The stuff on the plate was fine. London lunchtime-speed service, with tomatoes and curly pasta, as you'd expect, and rich red wine. Did T. S. Eliot pop out from the office around the corner for a morsel of fish? Or did he snap a cream cracker at his desk? If he did not dine, solemnly, at the club. With bishops and bankers. And poets touching him for an advance on their way to Fitzrovia.

I was early, so I had time to think about this. And about the whole late-Bloomsbury/publishing/Hawksmoor church/university nexus. I thought about William Burroughs in his strange, submerged years of London exile, checking out mummies, Mayan glyphs and death cultures in the British Museum. I thought about the film
Deathline
(aka
Raw Meat
), in which
plague-infested cannibals emerge from the tunnels beneath Russell Square to snack on unlucky Tube passengers.

This was not a topic of interest for Susannah Clapp, Carter's editor at the LRB, and another former Bristol student. She was next to arrive. She told me that she was working – the project took many years – on a biography of Bruce Chatwin, a slippery subject.

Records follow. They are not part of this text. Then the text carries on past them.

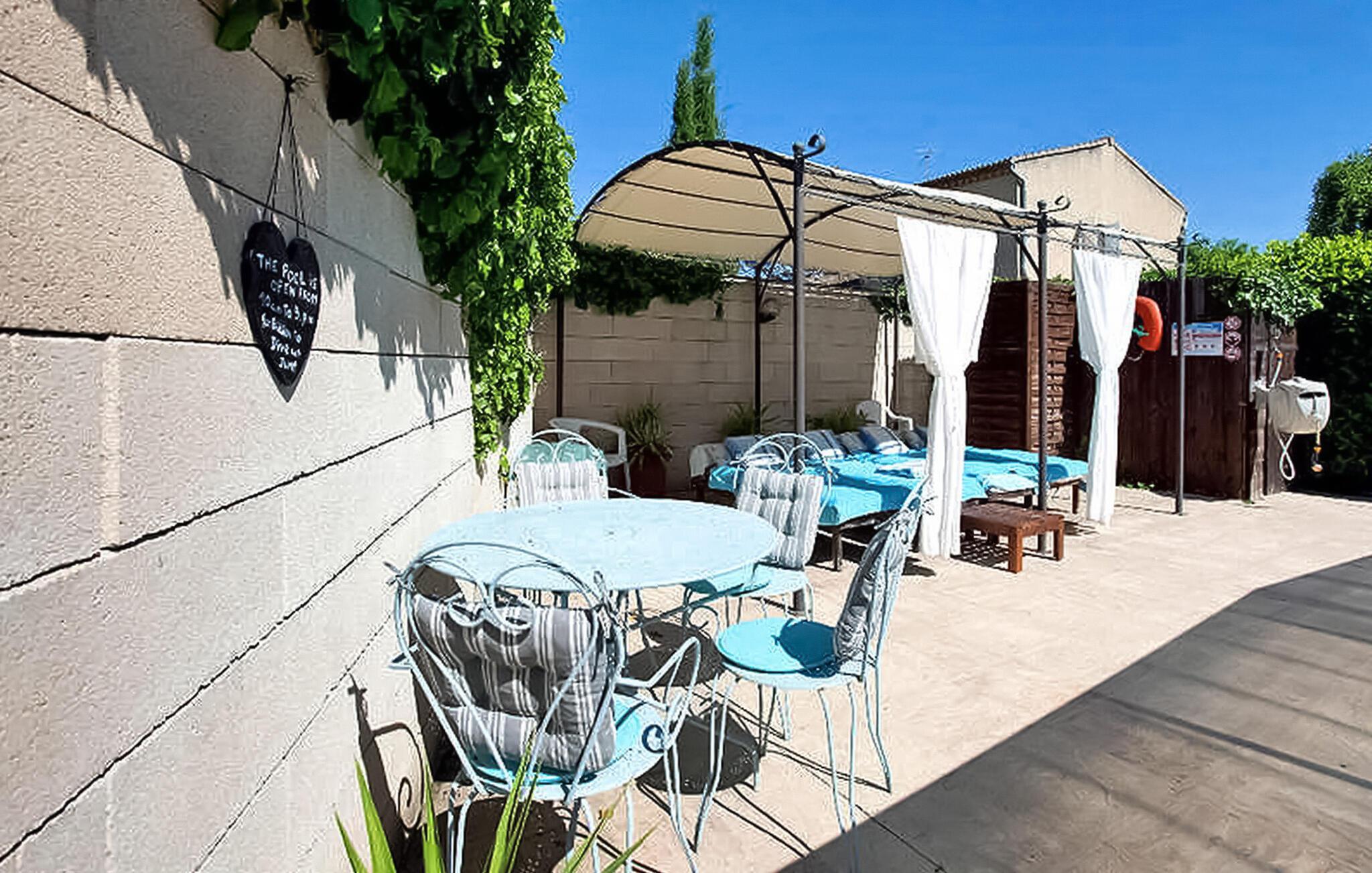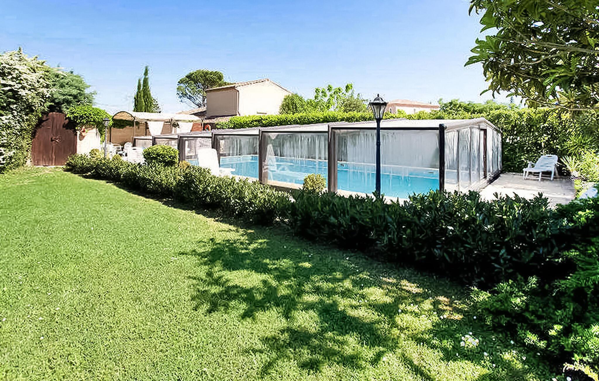 Denne dejlige provencalske feriebolig i Barbentane, beliggende mellem Avignon og Saint Remy de Provence, giver et fredfyldt tilflugtssted inden for rækkevidde af lokale butikker. Stueetagen består af et veludstyret køkken med udgang til terrasse, en rummelig spise-stue med masser af siddepladser og adgang til haven. På første sal venter soveværelserne. Derudover rummer en mezzanin en ekstra dobbeltseng. Udendørs lokker en have med gynge og bordtennis sjov. Den overdækkede terrasse har udsigt over haven og den indbydende 12m x 6m private pool. Poolen, der er sikret af et automatisk shelter, tilbyder dybder fra 1,1 m til 2,6 m med liggestole, en skyggefuld pergola og en praktisk poolbruser. Væsentlige bemærkninger: - Ejere bor i et uafhængigt dobbelthus mod nord, der kun deler parkeringsområdet. - Ejere bruger ikke poolen eller haven. - Vær opmærksom på en vej, der passerer inden for 50 m fra ejendommen. Oplev dette charmerende ferieparadis for dit ophold mellem Avignon og Saint Remy de Provence, og lover en fredfyldte og indbydende ramme for din ferie. Huset ligger i udkanten af landsbyen, i et boligområde, ca. 1 km fra butikkerne. Huset ligger 2 km fra Golf de Barbentane (6 huller). I nærheden kan du gå eller cykle i bakkerne i "Montagnetten" i nærheden, du besøger Avignon, Saint Remy de Provence, Les Baux de Provence, klosteret Saint Michel de Frigolet og opdager Camargues kyst (strande).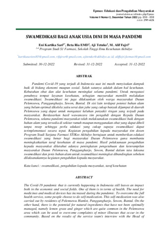 Eni, Kartika Sari and Beta, Ria EMD and Aji, Tetuko and M. Alif, Fajri (2022) Swamedikasi bagi anak usia dini di masa pandemi. Epmas: Edukasi dan PengabdianMasyarakat, 2 (2): 5. pp. 30-38. ISSN 2797-412X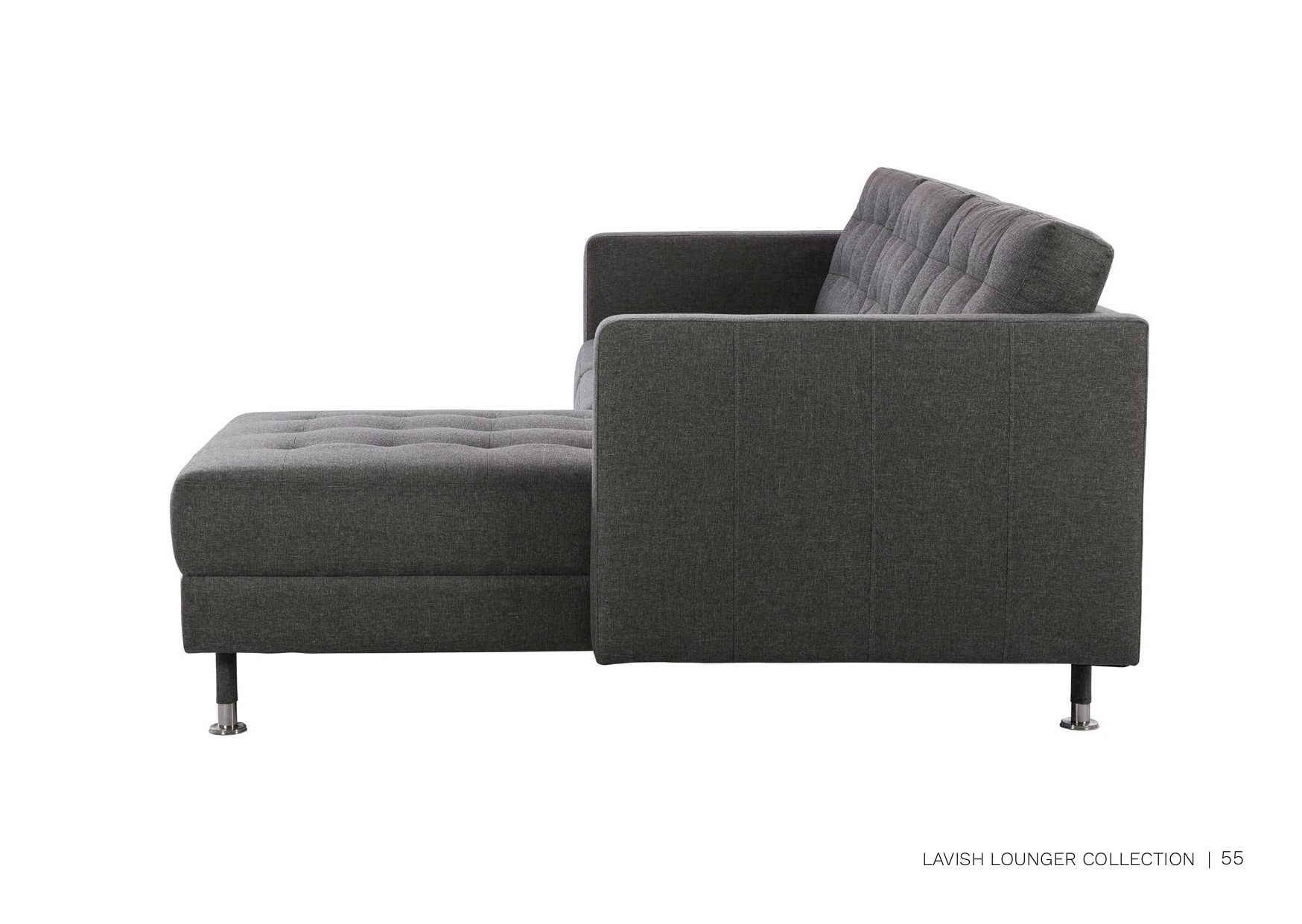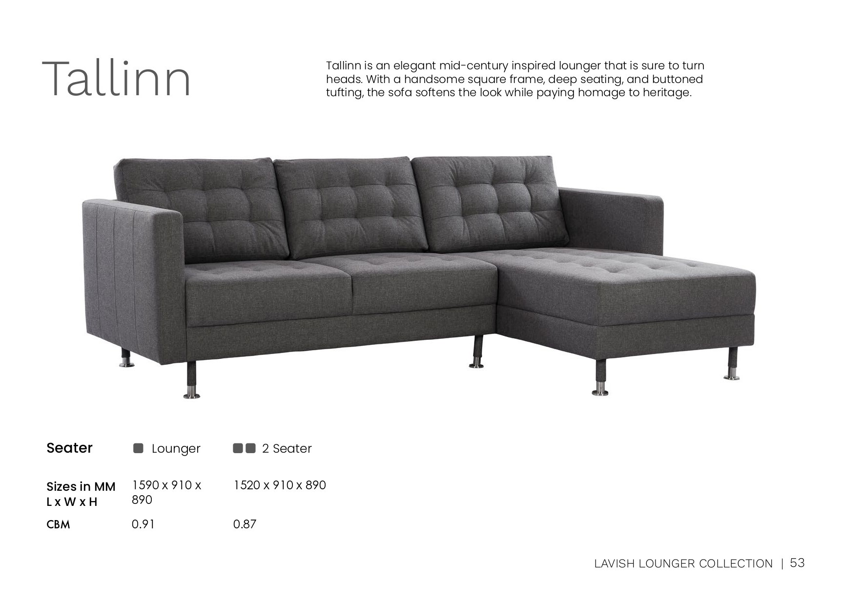 Tallinn is an elegant mid-century inspired lounger with a handsome square frame, deep seating, and buttoned tufting. It softens the look while paying homage to heritage.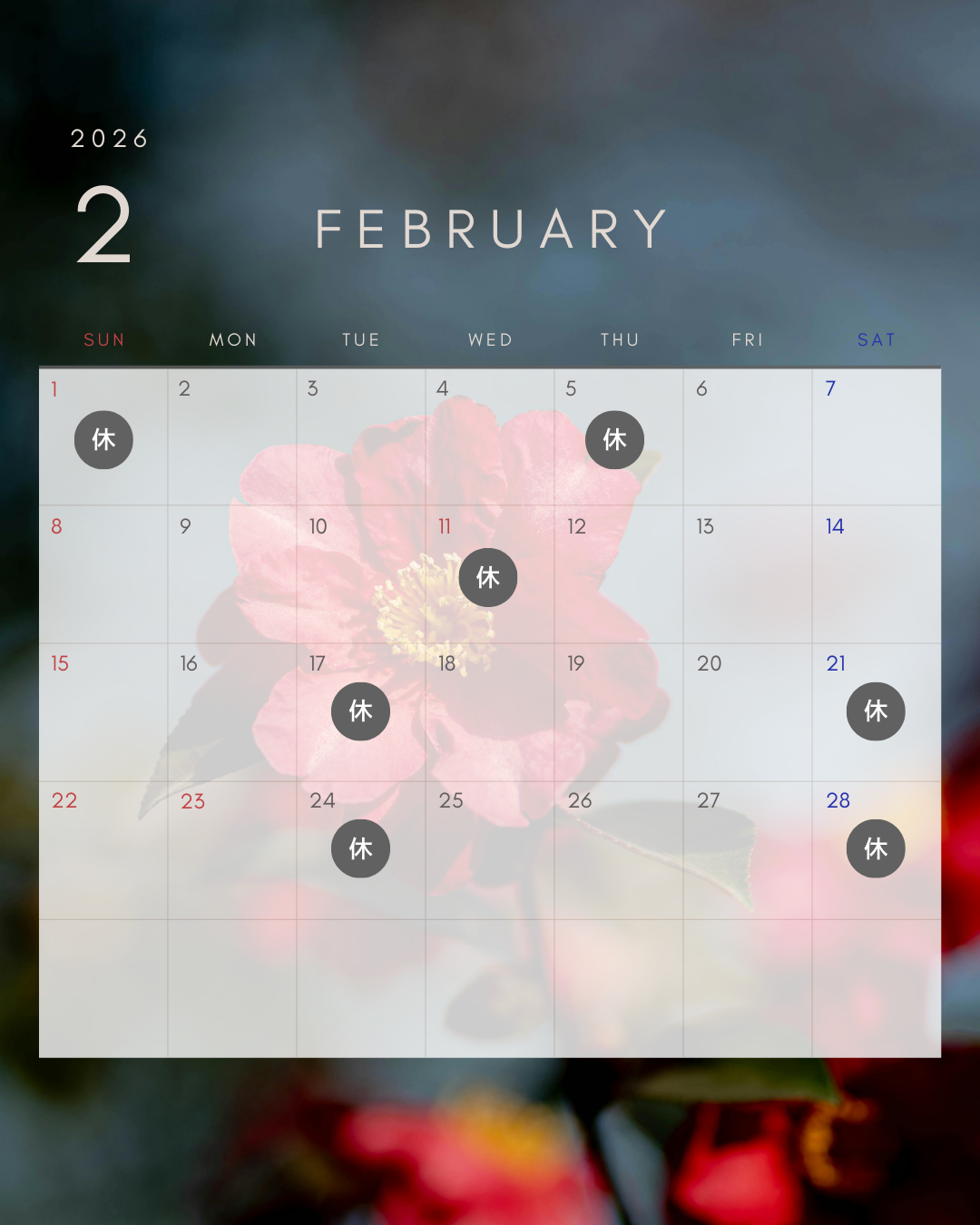 本年もよろしくお願い申し上げます 1/23より営業時間が変更となります 平日土曜:9:30〜17:30 日祝:10:00〜17:30 |
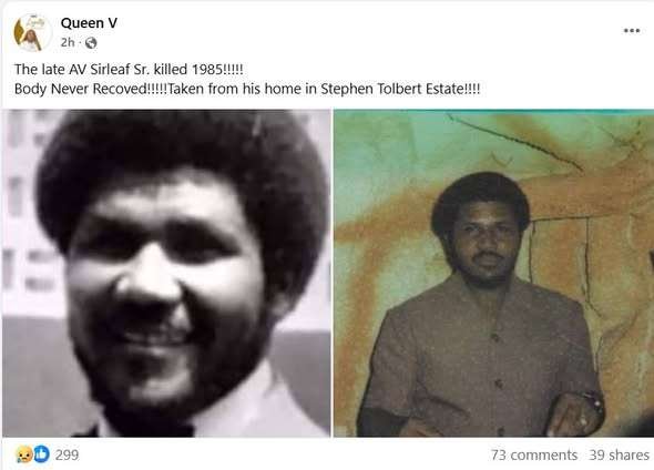 The artist, whose real name is Avenette Tennema Sirleaf, wrote alongside the images: “The late A.V. Sirleaf, Sr. killed 1985. Body never recovered! Taken from his home in Stephen Tolbert Estate.”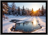 Zima, Śnieg, Ośnieżone, Drzewa, Promienie słońca, Jezioro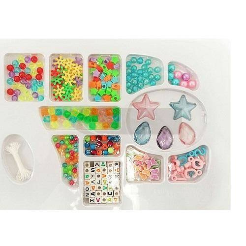 Zestaw kolorowych koralików, dzięki któremu mała dziewczynka samodzielnie będzie mogła zaplanować, stworzyć i użytkować własną biżuterię. Z koralików powstają łańcuszki, zawieszki, kolczyki, bransoletki, naszyjniki, pierścionki. Spersonalizowana biżuterię, można podarować mamie, babci lub najlepszej przyjaciółce. Takie kreatywne spędzanie czasu sprzyja rozwojowi i wspomaga kreatywne myślenie. W zestawie znajdują się także kolorowe spineczki.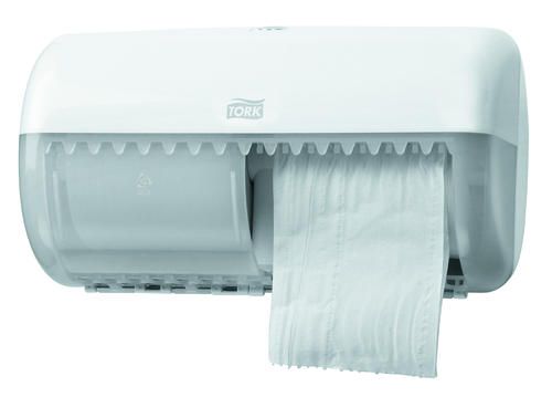 TOILET TISSUE DISPENSER TORK T4 WHITE. Tork T4 Conventional Toilet Tissue Dispenser White. Twin Roll. Low to medium capacity. Holds 2 conventional rolls horizontally. Dimensions WxDxH: 286x153x158mm . Fits toilet tissue rolls 2007866, 2185904, 400122 and 400125.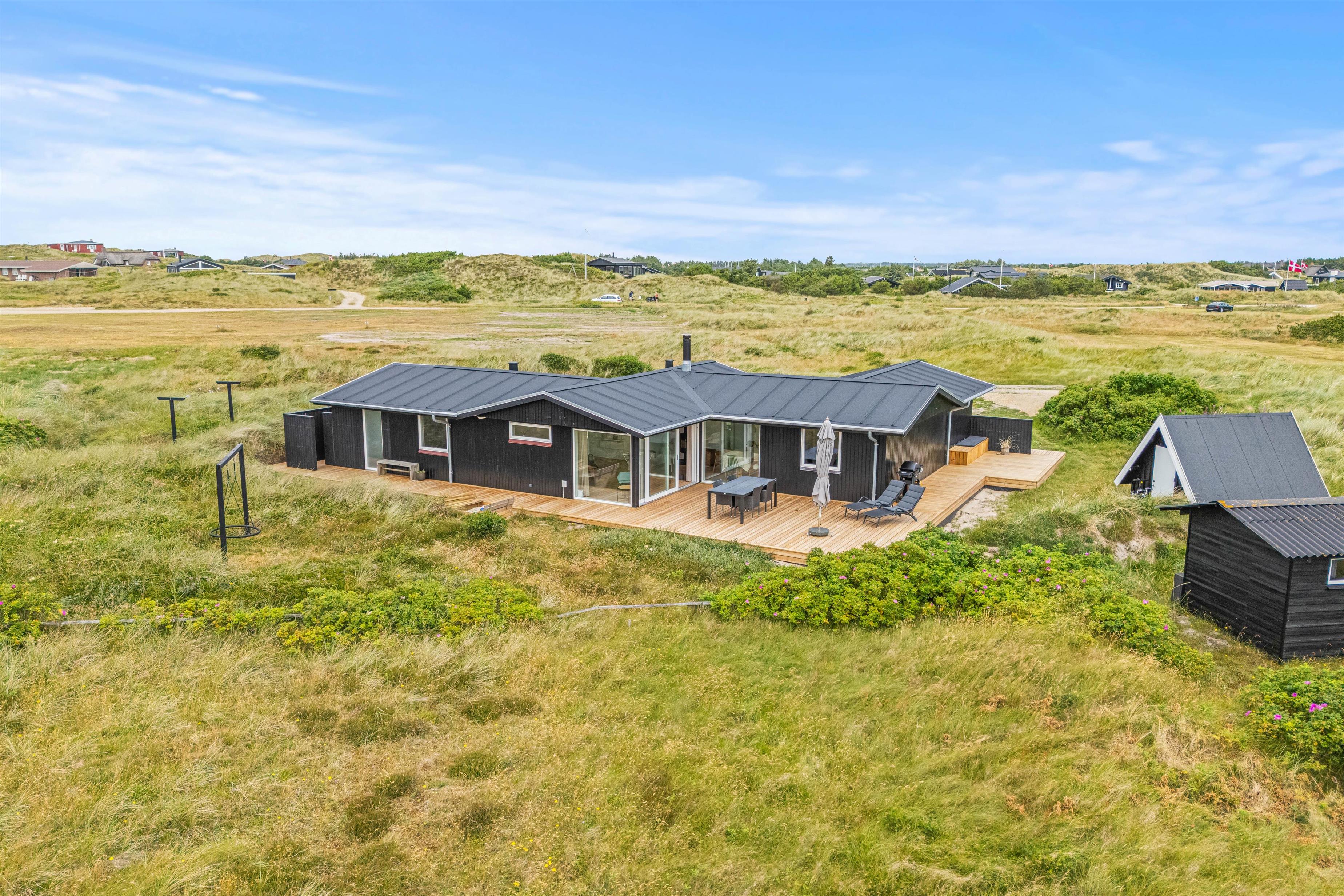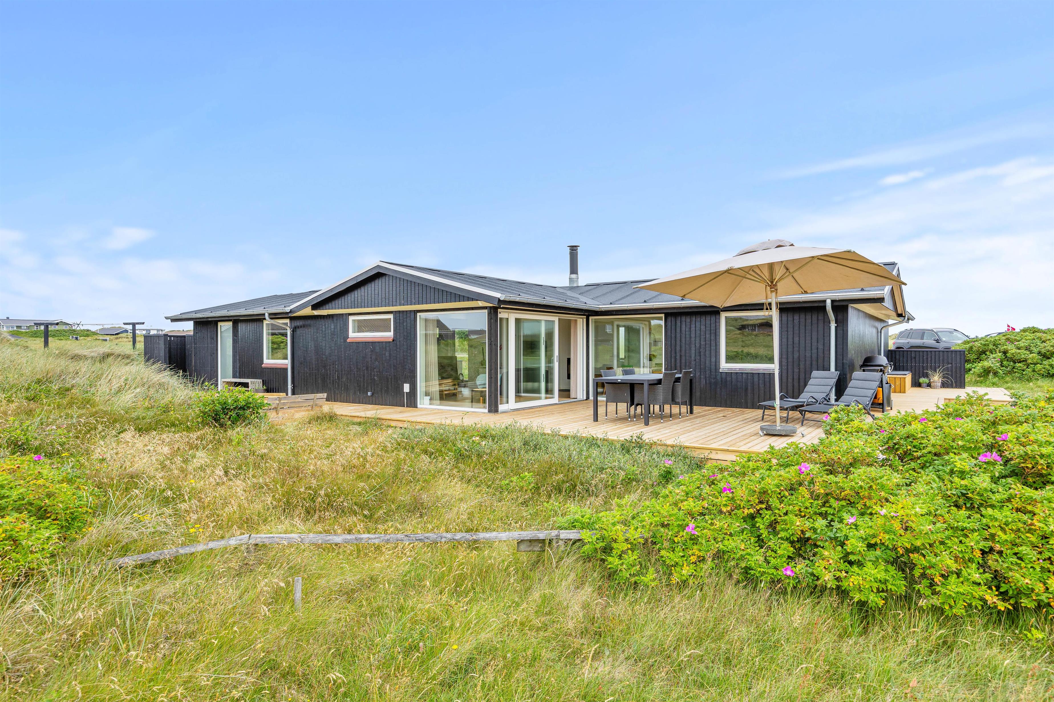 The many floor-to-ceiling windows in the living area not only allow abundant natural light but also offer stunning views of the dune landscape. Relax and enjoy the magnificent panorama. As an alternative to the fireplace, a modern heat pump efficiently maintains comfortable temperatures.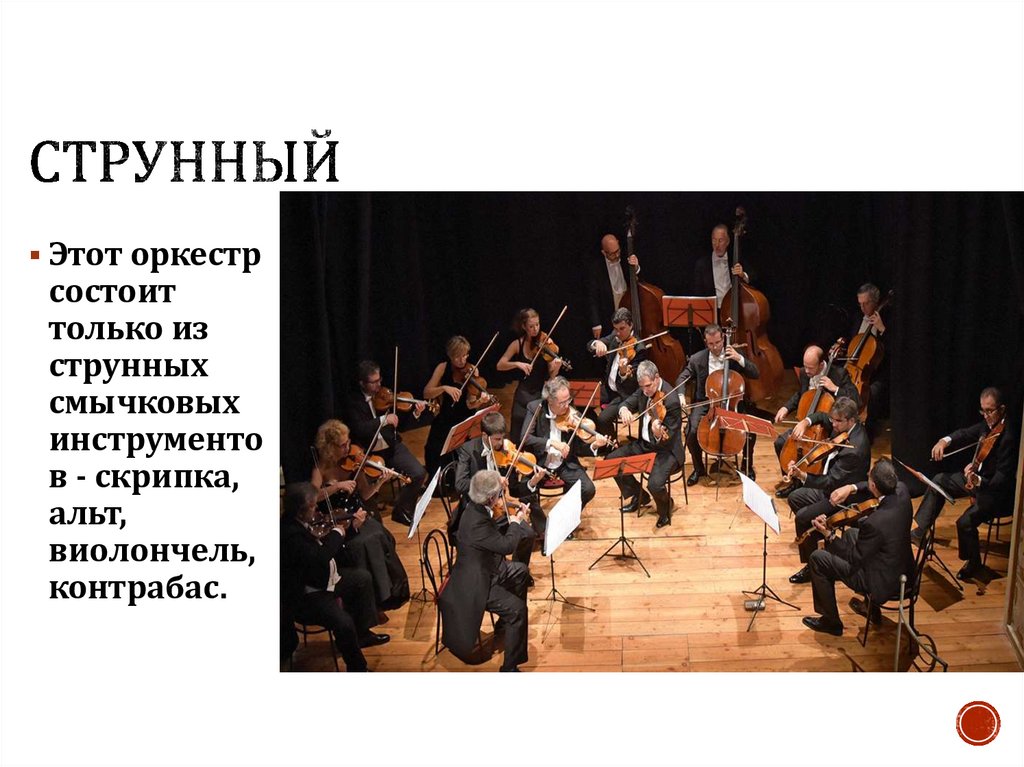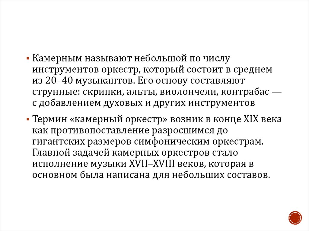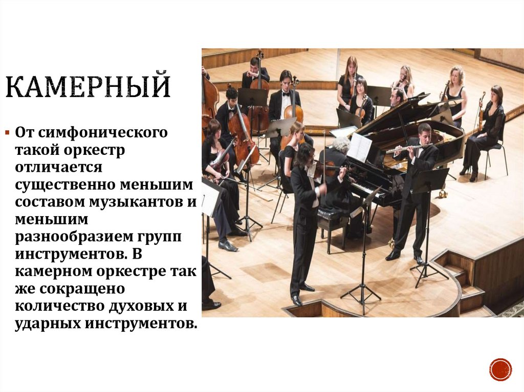 Камерным называют небольшой по числуинструментов оркестр, который состоит в среднем

Angela was the last, a flurry of bags, scarf, hair, bus, bad connections from distant Clapham. But she was the star of the show, the Fevvers figure, settling her invisible wings, amused by everything, talking in eloquent bursts and ripples: the representative of what this literary, serious-fun, periodical-producing coterie should be. Head girl.

I hadn't yet adjusted to the idea that somebody would let me publish a book and pay for it. It felt as if I'd nipped out from one of the Bloomsbury hotel book fairs, for a drink and a sandwich, and stumbled on a table of potential signatures. But, as Angela talked, that new identity settled. It was just a job, like any other. The city, London, was the engine. You could feel the beat of it in the simple exchanges of this restaurant, in the tunnels under us. In the old churches and temples of cultural plunder. Writers writing about writers. Walkers colliding and swerving, drawn by the gravity of power in the fossil-crusted stones.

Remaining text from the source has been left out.